For example, use a WSDM-fake news classification data set and pre-trained natural language processing model, this data set is an open data set on the Kaggle network platform, and the content of the data set is false news classifications, in which each line of data contains two fake news headlines. When the two headlines describe the same fake news, they are marked as agreed. When the two headlines describe different fake news, they will be marked as disagreed. When the two headlines are completely irrelevant, they will be marked as unrelated. The 2% data of the data set have a total of 5314 items for the fine-tuning of the pre-trained natural language processing model, so as to achieve an accuracy of 98% (as shown in FIG. 2 and FIG. 3) under 6 training epochs. The fine-tuned natural language processing model is used to predict 224 vocabularies with different definitions in the data governance dictionary, so as to achieve an accuracy of about 75%. Furthermore, with the use of more data and parameter adjustments, and the continuous collection of digital transformation data, a more accurate natural language processing model can be trained.

After the natural language processing model is pre-trained, in some embodiments of the present invention, the natural language processing model refers to a pre-trained natural language processing model, which can be, for example, a pre-trained bidirectional language model, a pre-trained unidirectional language model, a pre-trained neural network model, a pre-trained other model, or any combination thereof.

Regarding the above-mentioned bidirectional language model, in some embodiments, for example, the bidirectional language model can include a BERT model, which is a natural language processing model proposed by Google in 2018. This model includes hundreds of millions of parameters and uses more than 3 billion single-character words have been trained, and the field of natural language processing is widely used, in which the open source version provides Chinese and English pre-trained models for use.

Regarding the above-mentioned unidirectional language model, in some embodiments, for example, the unidirectional language model can include a GPT model, which is proposed by OpenAI and currently has three types: GPT-1, GPT-2, and GPT-3 versions. The architecture of the GPT model is similar to the architecture of the BERT model, the difference is that the BERT model is a bidirectional language model, the GPT model is a unidirectional language model, and the parameters of the GPT model are more than the parameters of the BERT model.

Regarding the above-mentioned neural network model, in some embodiments, for example, the neural network model can include an elmo model that is earlier than the BERT model and the GPT model, and the architecture of the elmo model is a typical neural network.

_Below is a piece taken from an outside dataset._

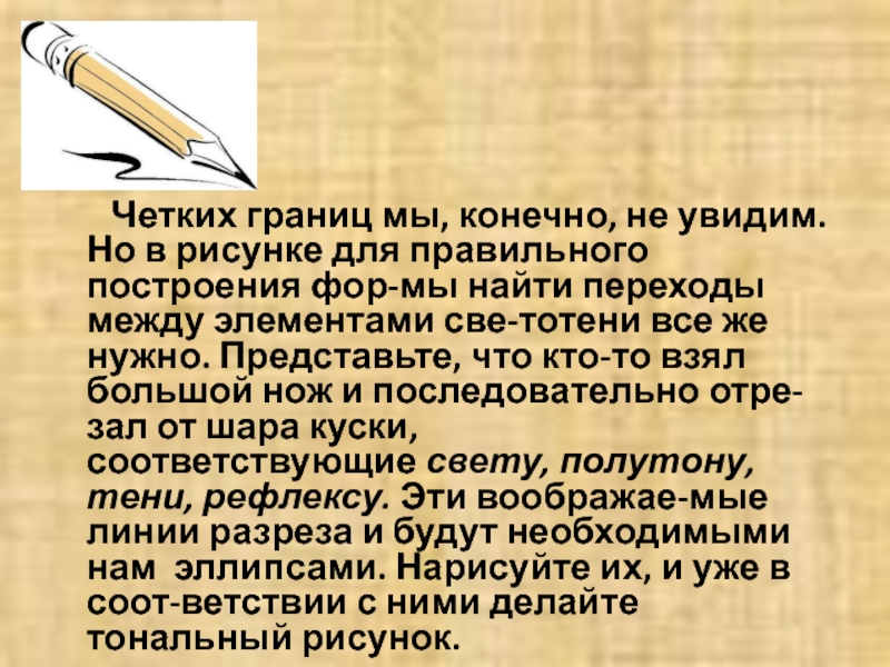 в рисунке для правильного построения фор-мы найти переходы между элементами све-тотени все же нужно. Представьте, что кто-то взял большой нож и последовательно отре-зал от шара куски, соответствующие свету, полутону, тени, рефлексу. Эти воображае-мые линии разреза и будут необходимыми нам  эллипсами. Нарисуйте их, и уже в соот-ветствии с ними делайте тональный рисунок.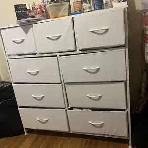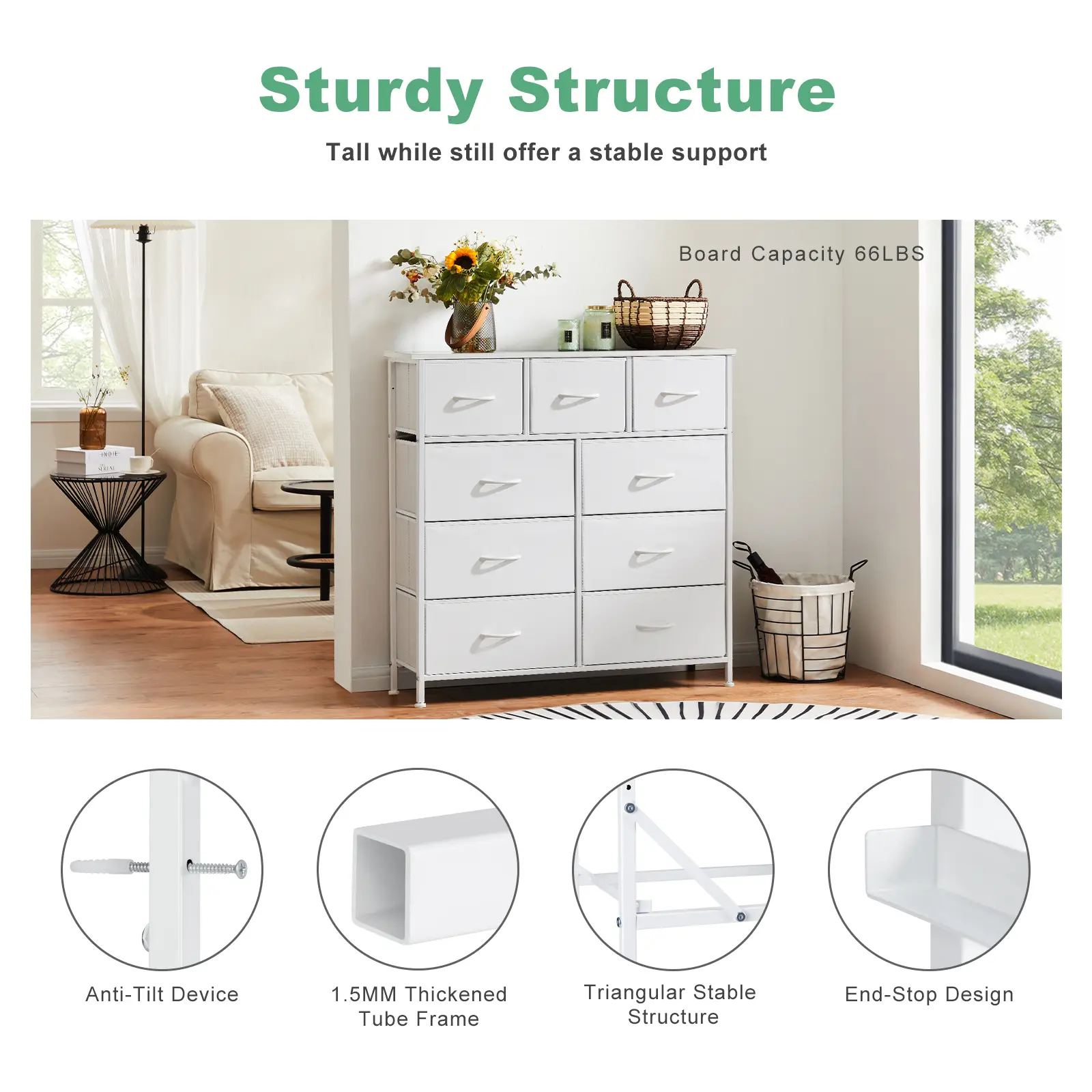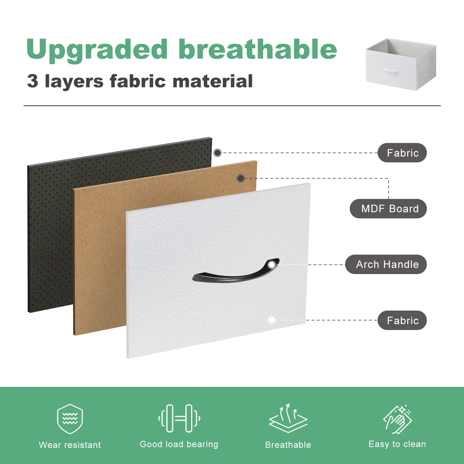 ·[Quality Construction] This fabric dresser combines water-resistant MDF board with a durable steel frame, triangular stable structures to make it sturdy under load 66lb. Anti-tipping accessories are also equipped to prevent accidents.

After the pre-training of the natural language processing model is completed, the synonym searching system 100 allows users to query synonym. In use, the user can send the vocabulary and the definition of the vocabulary to the synonym searching system 100 through the user device 190 to query the synonym. When the transmission device 150 receives the vocabulary and the definition of the vocabulary from the user device 190, the processor 120 is configured to use the natural language processing model to search the synonym and the type suggestion of the vocabulary from the data governance dictionary according to the definition of the vocabulary. In this way, the natural language processing model can get more accurate results by searching through the definition of the vocabulary. In some embodiments, for example, the vocabulary input by the user may be a word, compound words or sentence in a single language or multiple languages (e.g., Chinese and English), and the type suggestion provided by the synonym searching system 100 can be word formation, word change and relationship between morphemes of the vocabulary and/or the synonym, but the present disclosure is not limited thereto.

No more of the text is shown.